■ INFORMATION GIVEN ■

____

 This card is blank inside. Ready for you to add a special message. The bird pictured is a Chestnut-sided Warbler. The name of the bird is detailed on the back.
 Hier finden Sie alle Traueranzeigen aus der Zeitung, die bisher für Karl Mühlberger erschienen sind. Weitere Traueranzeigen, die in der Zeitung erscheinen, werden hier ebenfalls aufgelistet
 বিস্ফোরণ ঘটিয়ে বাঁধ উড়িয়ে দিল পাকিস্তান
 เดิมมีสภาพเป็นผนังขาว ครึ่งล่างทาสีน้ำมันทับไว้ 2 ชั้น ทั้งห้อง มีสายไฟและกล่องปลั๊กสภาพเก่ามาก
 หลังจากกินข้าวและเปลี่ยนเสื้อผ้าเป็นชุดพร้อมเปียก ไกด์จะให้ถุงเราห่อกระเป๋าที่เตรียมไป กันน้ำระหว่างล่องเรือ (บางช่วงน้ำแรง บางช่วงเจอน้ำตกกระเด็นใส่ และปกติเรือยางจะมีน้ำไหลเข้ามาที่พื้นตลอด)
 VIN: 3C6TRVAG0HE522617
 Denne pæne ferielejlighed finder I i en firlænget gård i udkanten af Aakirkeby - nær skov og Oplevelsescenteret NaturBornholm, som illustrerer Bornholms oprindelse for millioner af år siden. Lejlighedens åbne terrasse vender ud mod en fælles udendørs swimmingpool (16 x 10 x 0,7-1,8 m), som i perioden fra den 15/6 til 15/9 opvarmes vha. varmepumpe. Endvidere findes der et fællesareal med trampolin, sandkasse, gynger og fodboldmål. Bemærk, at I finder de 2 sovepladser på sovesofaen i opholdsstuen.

____

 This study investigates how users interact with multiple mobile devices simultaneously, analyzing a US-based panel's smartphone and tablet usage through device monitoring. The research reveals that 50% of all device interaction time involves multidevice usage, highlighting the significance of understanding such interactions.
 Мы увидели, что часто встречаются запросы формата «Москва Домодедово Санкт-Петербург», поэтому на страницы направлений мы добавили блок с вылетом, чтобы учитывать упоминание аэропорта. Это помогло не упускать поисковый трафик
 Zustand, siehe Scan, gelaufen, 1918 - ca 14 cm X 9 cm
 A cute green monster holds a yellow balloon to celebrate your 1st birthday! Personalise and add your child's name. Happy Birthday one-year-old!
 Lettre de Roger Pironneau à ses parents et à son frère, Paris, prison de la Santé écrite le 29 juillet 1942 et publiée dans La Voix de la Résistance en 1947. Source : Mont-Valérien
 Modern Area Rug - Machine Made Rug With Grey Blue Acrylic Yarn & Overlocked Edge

____

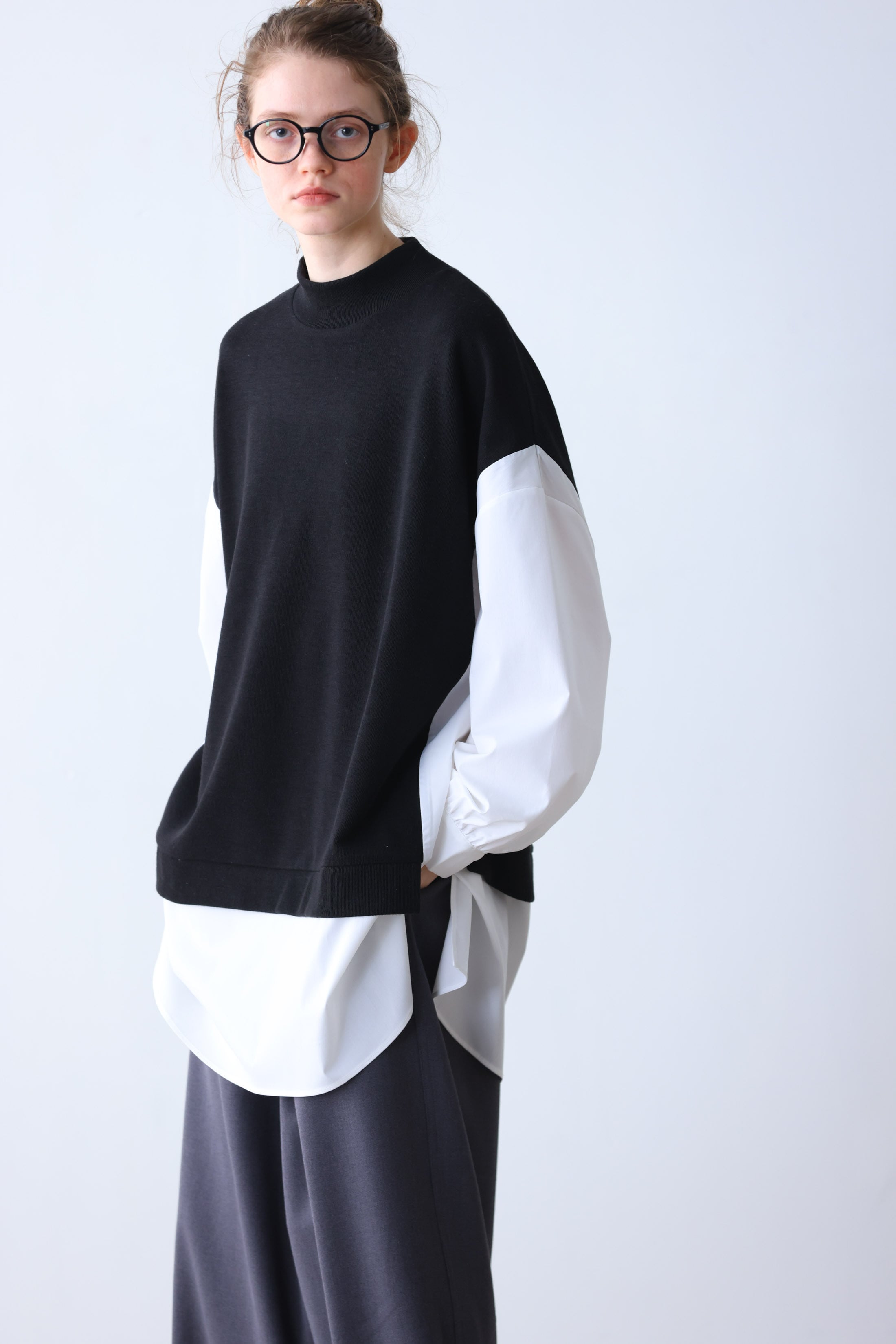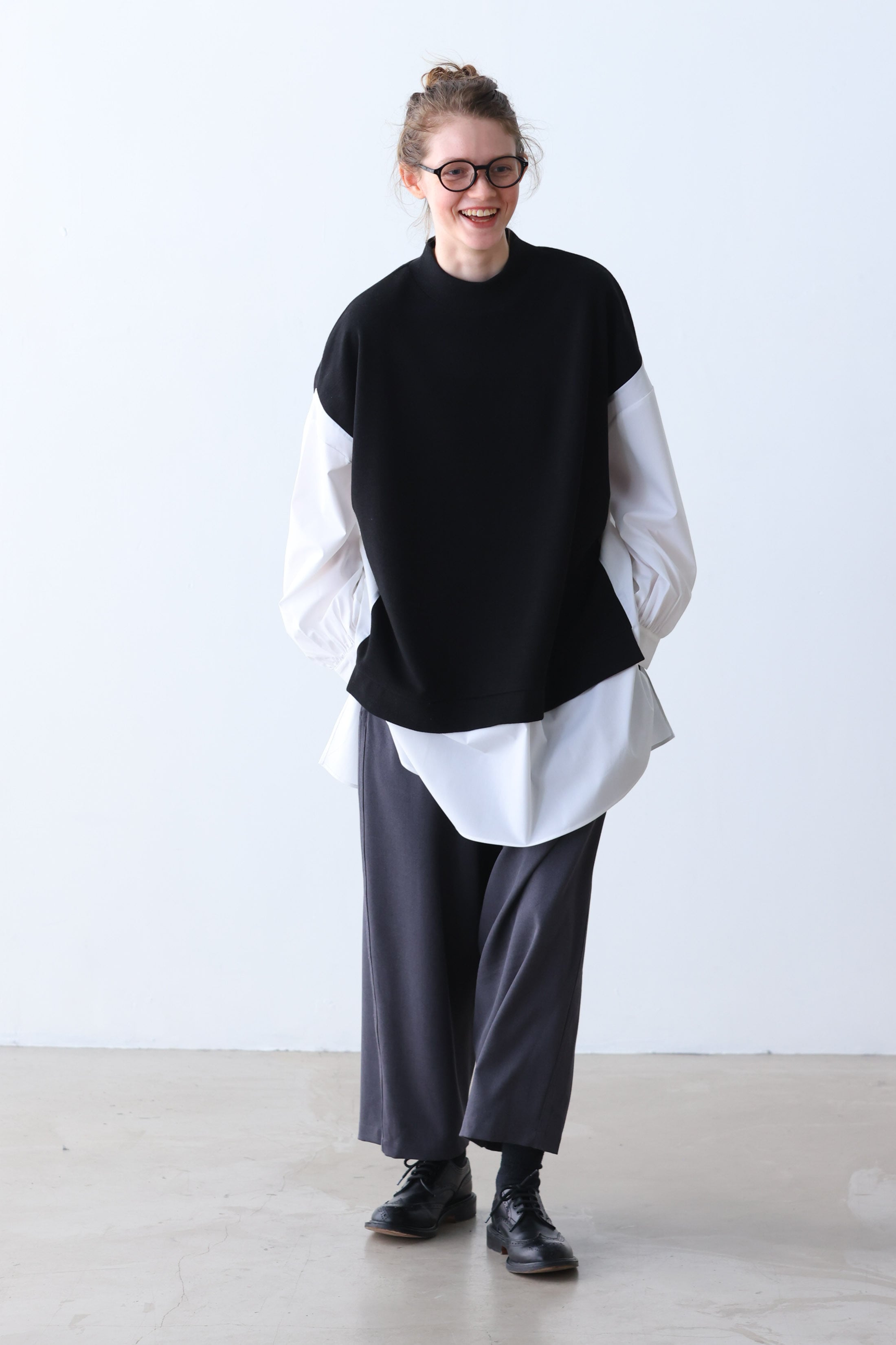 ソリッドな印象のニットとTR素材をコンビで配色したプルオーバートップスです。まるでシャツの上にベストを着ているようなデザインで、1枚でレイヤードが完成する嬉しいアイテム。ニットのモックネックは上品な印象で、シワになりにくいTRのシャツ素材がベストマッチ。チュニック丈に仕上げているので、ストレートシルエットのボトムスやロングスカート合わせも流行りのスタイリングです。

____

■ TASK GOAL ■
The reply should consist solely of the lines above from the one that has "This card is" through the one that has "Denne pæne ferielejlighed", reproduced exactly.

■ EXPECTED ANSWER ■
 This card is blank inside. Ready for you to add a special message. The bird pictured is a Chestnut-sided Warbler. The name of the bird is detailed on the back.
 Hier finden Sie alle Traueranzeigen aus der Zeitung, die bisher für Karl Mühlberger erschienen sind. Weitere Traueranzeigen, die in der Zeitung erscheinen, werden hier ebenfalls aufgelistet
 বিস্ফোরণ ঘটিয়ে বাঁধ উড়িয়ে দিল পাকিস্তান
 เดิมมีสภาพเป็นผนังขาว ครึ่งล่างทาสีน้ำมันทับไว้ 2 ชั้น ทั้งห้อง มีสายไฟและกล่องปลั๊กสภาพเก่ามาก
 หลังจากกินข้าวและเปลี่ยนเสื้อผ้าเป็นชุดพร้อมเปียก ไกด์จะให้ถุงเราห่อกระเป๋าที่เตรียมไป กันน้ำระหว่างล่องเรือ (บางช่วงน้ำแรง บางช่วงเจอน้ำตกกระเด็นใส่ และปกติเรือยางจะมีน้ำไหลเข้ามาที่พื้นตลอด)
 VIN: 3C6TRVAG0HE522617
 Denne pæne ferielejlighed finder I i en firlænget gård i udkanten af Aakirkeby - nær skov og Oplevelsescenteret NaturBornholm, som illustrerer Bornholms oprindelse for millioner af år siden. Lejlighedens åbne terrasse vender ud mod en fælles udendørs swimmingpool (16 x 10 x 0,7-1,8 m), som i perioden fra den 15/6 til 15/9 opvarmes vha. varmepumpe. Endvidere findes der et fællesareal med trampolin, sandkasse, gynger og fodboldmål. Bemærk, at I finder de 2 sovepladser på sovesofaen i opholdsstuen.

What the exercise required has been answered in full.